Sorry. The bass intro is in reference to “Crawl” by Kings of Leon of their new album. They released it for free download of their site. Let me get you the link. Here…it…is! What a small word to put a clickable link on. Man, I’m obnoxious. Also, check out that video right beside it. The song playing is "Use Somebody" and it's one of the new album's best tracks.
So what’s on the docket today besides my own sin? Yea-ea-ah. What? Creed, anyone? Anybody? I know you knew…

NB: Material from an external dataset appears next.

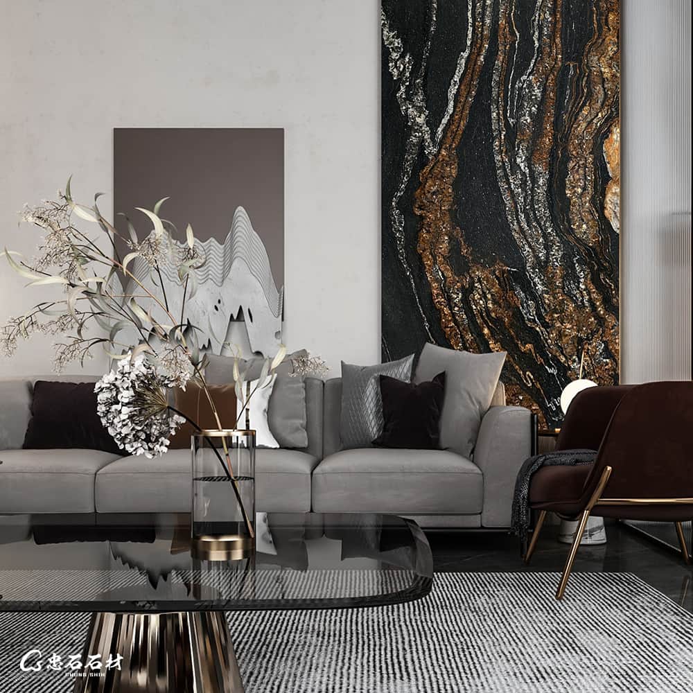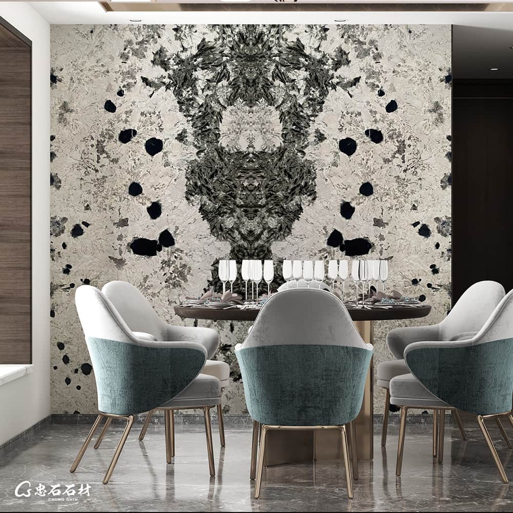 黑色的紋理恣意隨性的流淌在灰白色肌底上,勾勒出別具一格的美感,讓人無限遐想。

Forget it. I am [enter] happy today. Watch this:
I’m down here. Ridiculous.
Since I can’t remember what I wanted to touch on, I’ll start with this. My homeboy, Joseph Howard aka T.H.O.M.A.S., has put out a “Soundtrack To Your Hipster Life” as he puts it. This kid knows flow. If I wasn’t paying attention, I wouldn’t even realize there were thirteen individual tracks he blends them so well. You’ve got Fleet Foxes, Black Kids, Lil’ Wayne (dang you, Joseph), and CSS. It’s a spanner, that’s for sure. Please check it out or Joseph will kick me out of the Star Wars Club.

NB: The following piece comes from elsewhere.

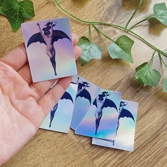 1890 The Bat Woman Holographic Sticker, Albert Joseph Pénot, Mystical Art Decal, Witchy Feminism Sticker

Next, we have Step Brothers. Your enjoyment of this movie depends on your tolerance for grown men acting like children while yelling curses at each other. Basically, if you were a fan of any recent Will Ferrell vehicles such as Anchorman, Talledega Nights, or Semi-Pro, you’ll find something to like here. Most of you would be upset that I’d compare it to Anchorman but it is not even close to that level. The two just share a sort of silliness. You can tell that writers Ferrell and Adam McKay (who also directs) wrote a script full of “insert riffage here”’s. If you take away the obvious set-ups for said riffage, you’d have a movie who’s running time wouldn’t be out of place on a Super-Sized edition of Must-See-TV Thursday on NBC. But I say again, if you like Ferrell or John C. Reilly (who is a mighty fine actor in both comedic and dramatic roles) you’ll like this movie. Plus, those who skipped the hilarious Walk Hard , which according to the gross is most of you, owe it to Reilly to see this film. ‘Nuff said.
Ahh, yes. Now I remember the whole reason of this post. It is to revile you in my hypocrisy. What hypocrisy is that? Oh, nothing much. Just a little Today Show visit I made last Friday. Who was there? Miley Cyrus. Who? Miley Cyrus.. I can’t hear you. MILEY CYRUS!!! GEEZ! YOU HAPPY NOW?!!! I went to see Miley Cyrus.

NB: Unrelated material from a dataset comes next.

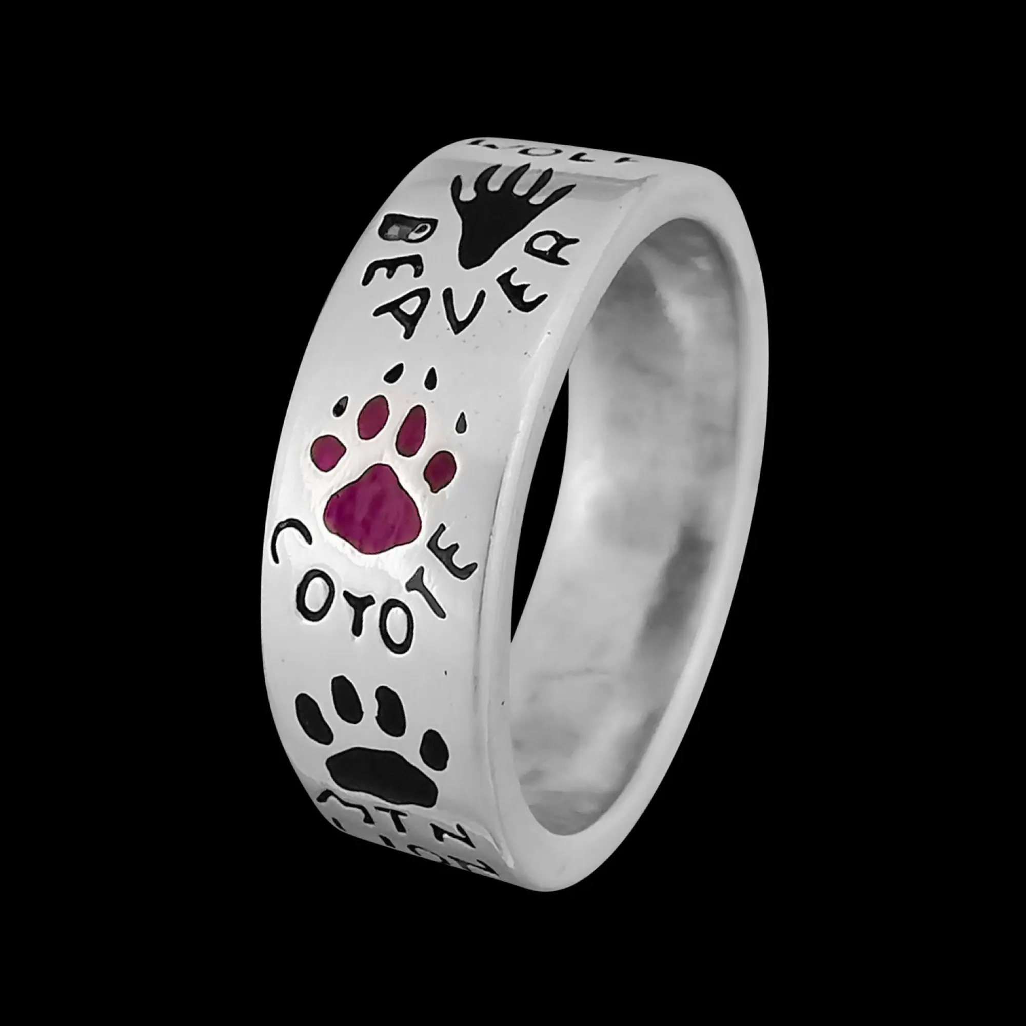 Indulge your love for the great outdoors with this captivating sterling silver band ring in size 5. Designed for outdoor enthusiasts, this ring is a conversation starter and a true eye-catching piece. It features a unique design showcasing eight distinct animal tracks, each labeled for easy identification. The animal tracks include Raccoon, Mustang, Moose, Mountain Lion, Coyote, Beaver, Grey Wolf, and Bear.

Hold on, hold on. Sit back down. I didn’t go for the tuneage. I went for the babeage. Just kidding, just kidding! Jeff, I’m looking at you. But in all serious, it was a complete voyeuristic experience (in respect to the crowds. I'm digging a hole here...). I had to see the madness of the crowds (Yeah, Ace Troubleshooter reference for you right there). And for that reason it was worth it.
Eight thousand people showed up. For the first time in history, 48th street was shut down. See that? First time. It didn’t happen for Hanson, or N*SYNC, or the Backstreet Boys. It happened for Miley Cyrus and I was there. (Wow, I just noticed there’s no colored, wavy line under N*SYNC. Spell checker is a boy band fan.) Anyway, it’s the closest to Beatle-mania I’ll ever get. It’s totally a 21st century thing though in that the female audience is going Ga Ga Ga Ga Ga (I am just full of musical references today) over, that’s right, a female. Bizarre. It used to be prepubescent girls crushed on the cute boys. Now I know it’s not the same thing and that’s good. Maybe it’s actually about the music to this generation. Cyrus is no impeccable songstress, not in the least bit, but she can sing. And the tunes have a different spunky feel versus the “I’ll love you baby, baby, baby”crud of that boy band trash. Girls just want to have fun, right? What is that? Number four?
I don’t’ want to go into too much detail about how it all went down. I got up at 3am to get there and lines were already everywhere with no particular order. Since I was a vet after seeing Coldplay there, I knew somewhat how it worked. So I met my friend Allison who used the “I was a nanny last summer so that’s why I want to see this” junk and her friend Ted. Ted, by the way, is one of the funniest people I’ve ever met. He schmoozed the cops and security guards to where they didn’t see us as a threat. We basically just walked anywhere we wanted but the trick was to act like you knew what you were doing. We did just that and actually made it in the official area. Here’s what makes that feat more impressive: GE & NBC employees reserved about 800 VIP’s for the area leaving only about 300 or so spots for us common folk. Remember how many people I said showed up? Needless to say, it was chaos. But an experience I won’t soon forget.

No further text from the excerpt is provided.